# Data Manipulation and Aggregation in KDB+ and Q

###

#### Introduction

KDB+ and Q excel in handling large datasets with unparalleled speed and efficiency. This chapter delves into the core functionalities of data manipulation and aggregation, showcasing how to transform and summarize data within the KDB+ environment.

#### Data Selection and Filtering

Q provides concise and powerful tools for extracting specific data subsets.

**Basic Selection**

Code snippet

```
// Sample data
trades:([] time:`time$til 10:00:01; price:100+til 10; symbol:`AAPL`GOOG`IBM)

// Select first 5 rows
first 5 trades

// Select last 3 rows
last 3 trades
```

**Conditional Selection**

Code snippet

```
// Select trades where price is greater than 105
select from trades where price > 105

// Select trades for AAPL
select from trades where symbol=`AAPL
```

#### Data Transformation

Q offers a rich set of functions for modifying data structures and values.

**Adding and Removing Columns**

Code snippet

```
// Add a new column
trades[`volume]:1000*til 10

// Remove a column
del volume from trades
```

**Grouping and Sorting**

Code snippet

```
// Group by symbol and calculate average price
avg price by symbol from trades

// Sort trades by time
trades: trades[asc time]
```

**Joining Tables**

Code snippet

```
// Create another table
quotes:([] time:`time$til 10:00:01; open:95+til 10; symbol:`AAPL`GOOG`IBM)

// Join trades and quotes on time and symbol
joinedTable: aj[`time`symbol; trades; quotes]
```

#### Aggregation Functions

Q provides a suite of built-in functions for summarizing data.

**Basic Aggregations**

Code snippet

```
// Calculate sum, average, min, max, and count of price
sum price from trades
avg price from trades
min price from trades
max price from trades
count price from trades
```

**Grouped Aggregations**

Code snippet

```
// Calculate average price by symbol
avg price by symbol from trades
```

**Window Functions**

Code snippet

```
// Calculate moving average of price
mavg: moving_avg[price; 3] // Calculate 3-period moving average
```

#### Advanced Data Manipulation

Q offers powerful tools for complex data transformations.

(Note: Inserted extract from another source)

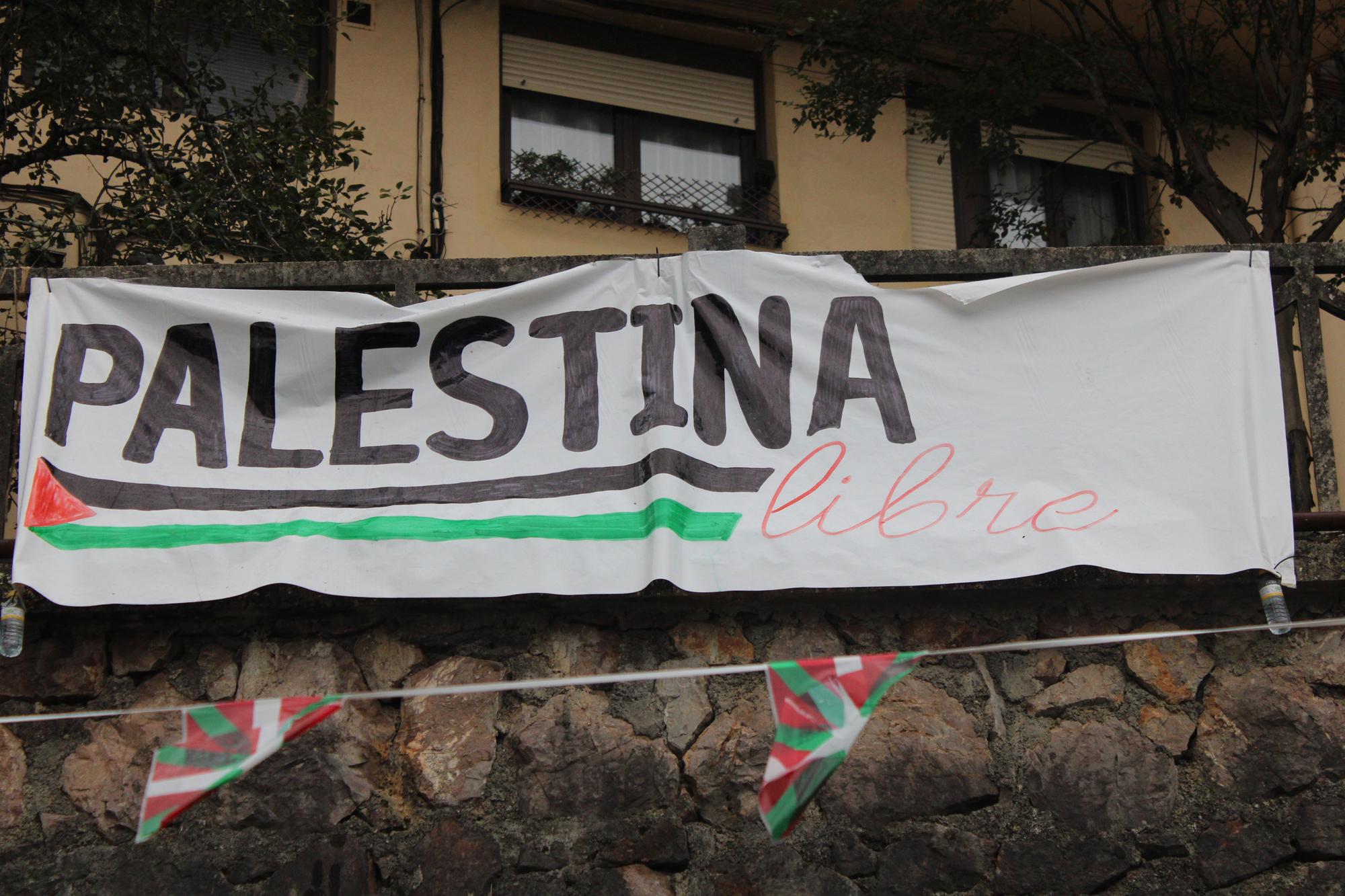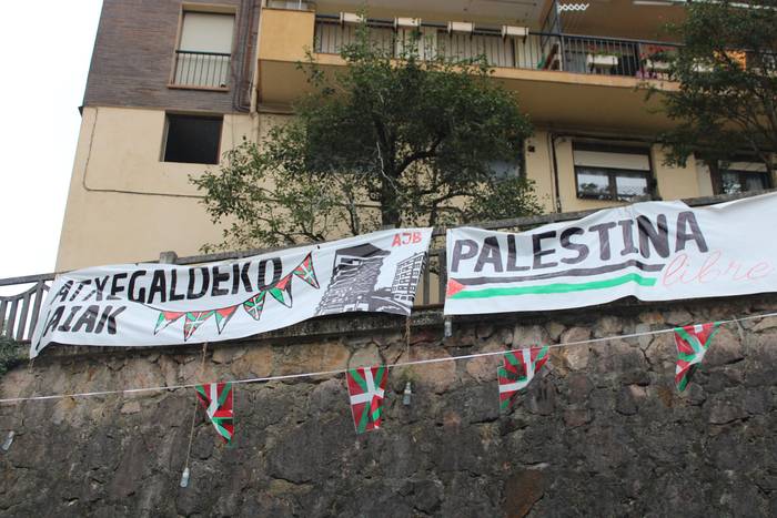 "Palestina libre" nahi dutela aldarrikatzen ari dira amaitzear diren Atxegaldeko jaietan. Aipatu herriko banderarekin batera biltzen duen pankarta eseki dute festen erdigunea den auzoko plazan. Hurrengo egunotan aldarriok plaza ugari hartuko dituzte.

**Functional Programming**

Code snippet

```
// Calculate square of each price
sq price

// Apply a custom function to each row
f[x]: {x[`price] * x[`volume]}
trades[`turnover]: f each trades
```

**Query and Update**

Code snippet

```
// Update prices by 10% for AAPL
update price: price * 1.1 from trades where symbol=`AAPL
```

#### Performance Optimization

KDB+ excels in performance. Consider these tips:

* **Vectorized operations:** Utilize vector operations for efficient computations.
* **Data types:** Use appropriate data types for optimal memory usage.
* **Indexing:** Create indexes on frequently queried columns.
* **Compression:** Compress data to reduce memory footprint.

#### Summary

This chapter has introduced essential data manipulation and aggregation techniques in KDB+ and Q. Mastering these concepts will empower you to efficiently extract insights from your data. In the subsequent chapters, we will explore time series analysis, financial calculations, and advanced data engineering using KDB+.


---

# Agent Instructions: Querying This Documentation

If you need additional information that is not directly available in this page, you can query the documentation dynamically by asking a question.

Perform an HTTP GET request on the current page URL with the `ask` query parameter:

```
GET https://alex-semenov-ie.gitbook.io/book/master/data-manipulation-and-aggregation-in-kdb+-and-q.md?ask=<question>
```

The question should be specific, self-contained, and written in natural language.
The response will contain a direct answer to the question and relevant excerpts and sources from the documentation.

Use this mechanism when the answer is not explicitly present in the current page, you need clarification or additional context, or you want to retrieve related documentation sections.